A diversidade de linguagens poéticas existente contemporaneamente exige do leitor um esforço peculiar para distintos tempos e posturas de leitura de forma a se entrar no universo de cada livro ou poeta e não recusá-lo por estranho, ilegível, rarefeito ou outro motivo, já pelos primeiros poemas. Além disso, como experiência já amplamente assimilada da poética moderna, a consciência poética não permite mais ao leitor resquícios de ingenuidade. Cabe a ele, portanto, um esforço de compreensão para desvendar cada experiência poética em suas peculiaridades, em vez de recusá-la, buscando o tempo adequado de leitura segundo a proposta da voz com a qual se defronta.

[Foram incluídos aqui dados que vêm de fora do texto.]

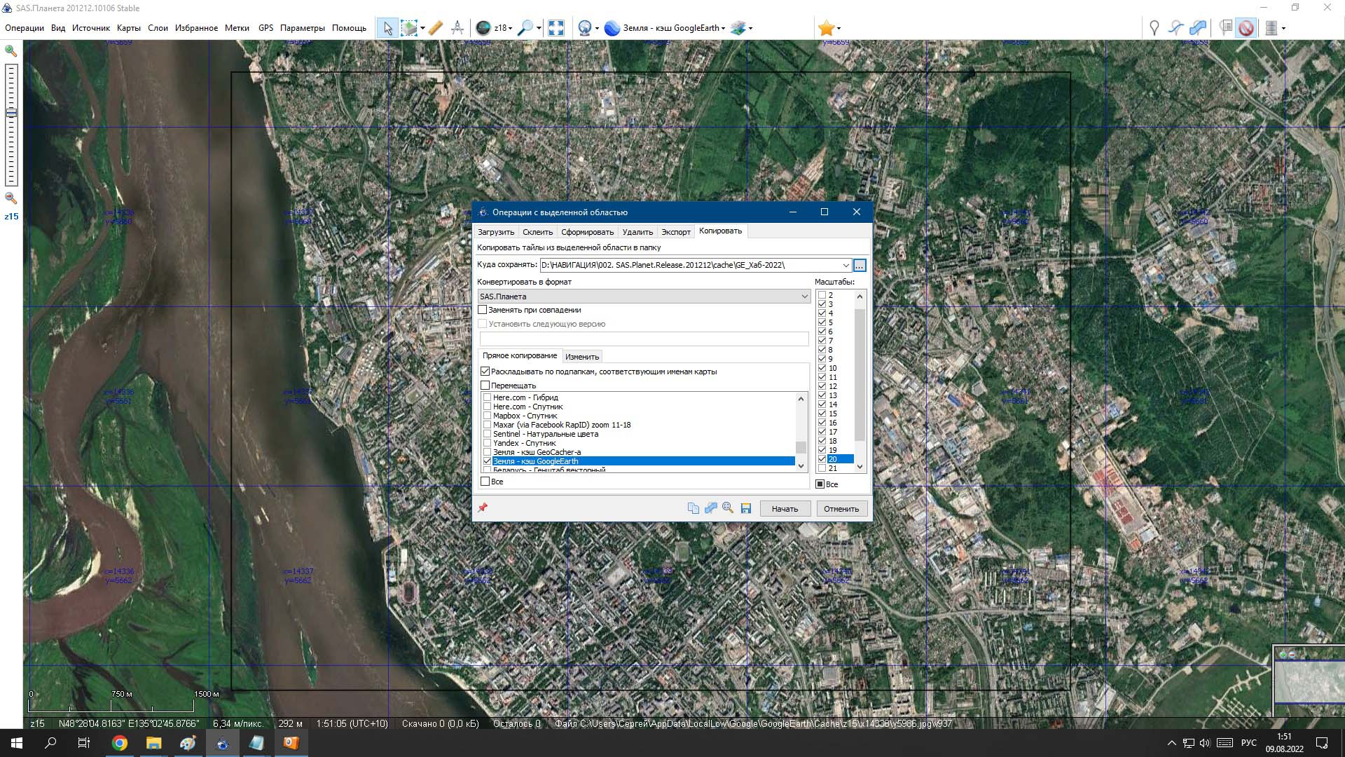 - прописываем "Куда сохранять", лучше указать папку "GE_Хаб-2022" через" три точки", "Конвертировать в формат" - выбираем SAS.Планета, ставим галки в чекбоксы нужных масштабов, и жмем "Начать"...

Tome-se por exemplo o novo livro de Flávio Viegas Amoreira, A biblioteca submergida, que, por cultivar uma escrita em jorro, ou uma espécie de “acumulação escatológica de palavras concentradas”, segundo uma citação que o autor faz de Kerouac, pede do leitor uma velocidade especial de leitura; pede uma urgência que dê conta da cornucópia que se abre dessa biblioteca submersa e derrama palavras, nomes e referências que não necessariamente solicitam reconhecimento, uma vez que estão a serviço de uma voz poética poderosa que as manipula para se esgueirar.

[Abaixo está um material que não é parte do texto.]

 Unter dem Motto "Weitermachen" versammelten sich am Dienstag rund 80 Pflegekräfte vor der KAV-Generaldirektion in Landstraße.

O poema, como se sabe, é a linguagem em movimento e, nesse caso, em movimento vertiginoso, “polispermo”, conforme sugestivo verso que sobressai dessa voz homotemática enfibrada em meio a uma intensa polissemia de signos. Esses signos emergem de uma biblioteca pessoal, composta de autores e personagens que servem como interlocutores no poema, de Wittgenstein a Lúcio Cardoso, formando uma legião que pode vir da obra de Homero e chegar até o Mundo Mix, tal como é mix essa biblioteca que emerge da escrita para o leitor, em forma de rebeldia contra o fato de que “fizeram pontes para onde nos escondíamos”. Veja-se o trecho inicial de Baía ampla: “Colhendo estranho peixe de água doce/ gáudio nenhum pejo/ ratos na garagem morrem tiram-me qualquer// sério/ todo que horroriza é júbilo depois de limpo/ amado Papa que nos rejeita, no momento todos querem// igrejas erigidas sobre indivíduos/ válvulas ocas/ plástico/ pantheons postiços, bom Papa que rejeite e segrede// que se fingido posso. bom Papa amado: queremos proibições!/ certeza de remorso/ castigo público…”
Sob outro aspecto, com essa escrita que busca intensidade, o autor almeja alcançar um ideal apontado por Shelley em Defesa da poesia, de que “A poesia é o registro dos melhores e mais felizes momentos dos melhores e mais felizes espíritos…” — daí que a poesia de A biblioteca submergida apresente certo tom memorialista ao mesmo tempo em que carrega a intenção de demonstrar a vertigem da vida, com vida e memória submersas elas mesmas nessa intensidade de linguagem que se explicita pelo excesso verbal, sem que isso seja um dado negativo.
No extremo oposto da poética de Viegas podemos encontrar por exemplo a de Pedra habitada, de Cândido Rolim, que pede do leitor a suspensão do tempo e a intercalação de pausas entre cada sílaba ou palavra durante a leitura de forma que haja fruição. Nesses poemas econômicos de palavras, que dispensa as desnecessárias, a vertigem da vida e dos sentidos somente são atingidos se o tempo parar e se enovelar de silêncio para que se alcance a amplificação do detalhe: “uma gota/ no teu colo/ dura/ o tempo/ de/ uma/ jóia”.
Se na poética de Viegas prevalece a língua afoita, na de Rolim é o olho que faz mediação com o mundo: “sob a pálpebra/ cerrado/ o olho vive/ o/ âmbito”. Um olho que se casa com os sentidos para perceber na pele a brisa tênue e no poema a passagem do tempo: “mão/ pedra/ nada debulha/ a espiga/ como/ o vento”.
Para Rolim, em sentido contrário, portanto, uma poética somente se constitui se houver depuração sígnica: “de que adianta a poesia esforçar-se em descrever fielmente uma dor, um anzol, uma mulher desnuda, se todas essas circunstâncias são ainda um sujeito embriagado de pertinência falando de um objeto?”
São duas experiências poéticas distintas, que não se excluem, por mais opostas, nas quais a aventura da linguagem começa em cada poema para o leitor que consegue descobrir o tempo adequado de leitura que exige a poesia.